Paulo Coelho says in one of his books that the gods reside at cross roads. Ready to help us choose the right path when we pray for guidance.

The toughest bit of a relationship is staying in it. Two people are brought together by their experiences, their similarities, mutual attraction and how effortless it is to be together. Later, this transforms into love. A stronger feeling keeping them together in the exclusion of others, whether married or not.

In the course of the relationship, there will arise a conflict between the two. Mostly coming from their familial backgrounds and also how they each are separate and distinct individuals. Example, I always fault my sister's partner for not placing any importance in celebrating my sister's birthday. I expect a grand gesture from him to her because that is what my sister got in our family. I recently told my mum about it and she told me that he is that way because in his family, birthdays just flew by and in the actual sense, I was bothering him by asking him to go all out for my sister.

Noted.

My relationship with Mr. Man is no different. However from mum's wise words, I now know how to tread when it comes to such. The difficulty I am currently facing is the part where as an individual, I am also in this relationship. Clashes arise. Sometimes it seems my personality is more at fault and that I am the cause of every strife in our relationship. I know that's the position but I can't help but feel that way. Or is it self pity? Or my aloof nature?

Currently, Mr. Man and I have an issue... I really don't know what the issue is though. What I know is I have a smart mouth and the connection between the logical part of brain and my smart mouth were cut along with the fibre optic cable. Maybe that's the issue. Or forms part of it. It must definitely form part of it.

I have very few friends. The few that I have, I hold very close to my heart. I have a bond with all of them which I hope will last forever. Recently, one of these few friends passed away. For some time there, I did not know how to react. Then the tears came, then denial, then anger and acceptance. I could not make it to his funeral but thanks to facebook, I virtually attended it. What hurt most is that this friend was so full of life! So young. Friend to hundreds of people! If only I could touch as many lives as he did! The most likeable person. Where he was, laughter followed. I only had good times wit him. SUre, we had rough patches. But those all went away with a good laugh. I wrote him an email to say goodbye.. I know he wont read it but in my own way, I paid my last respects.

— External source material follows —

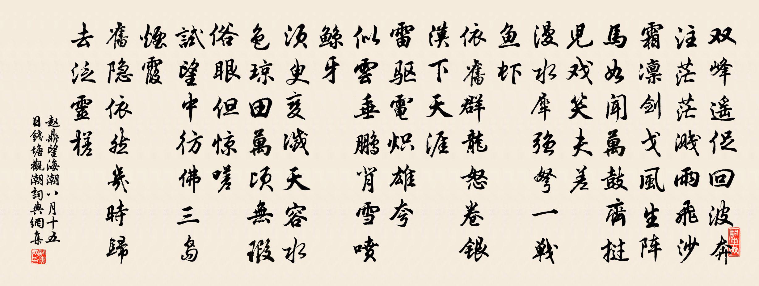 雙峰遙促,回波奔注,茫茫濺雨飛沙。霜凜劍戈,風生陣馬,如聞萬鼓齊撾。

Should this, then, affect my relationship with Mr. Man? I do not see any problem here, do you? What led to my smart answers to Mr. Man was the insinuation that my friend and I were closer than I would like to admit. I don't know the meaning if 'closer' in this instance. What I know is I had good times with my friend. We joked around, had a pet name for each other, listened to a song that always made us giggle and now he's dead.

That is my truth.

I do not know how to handle this situation. Mr. Man and I are somewhere between talking and not talking to each other. I only hope we can resolve this matter and our relationship gets back on track.

O gods at the cross roads. Guide us.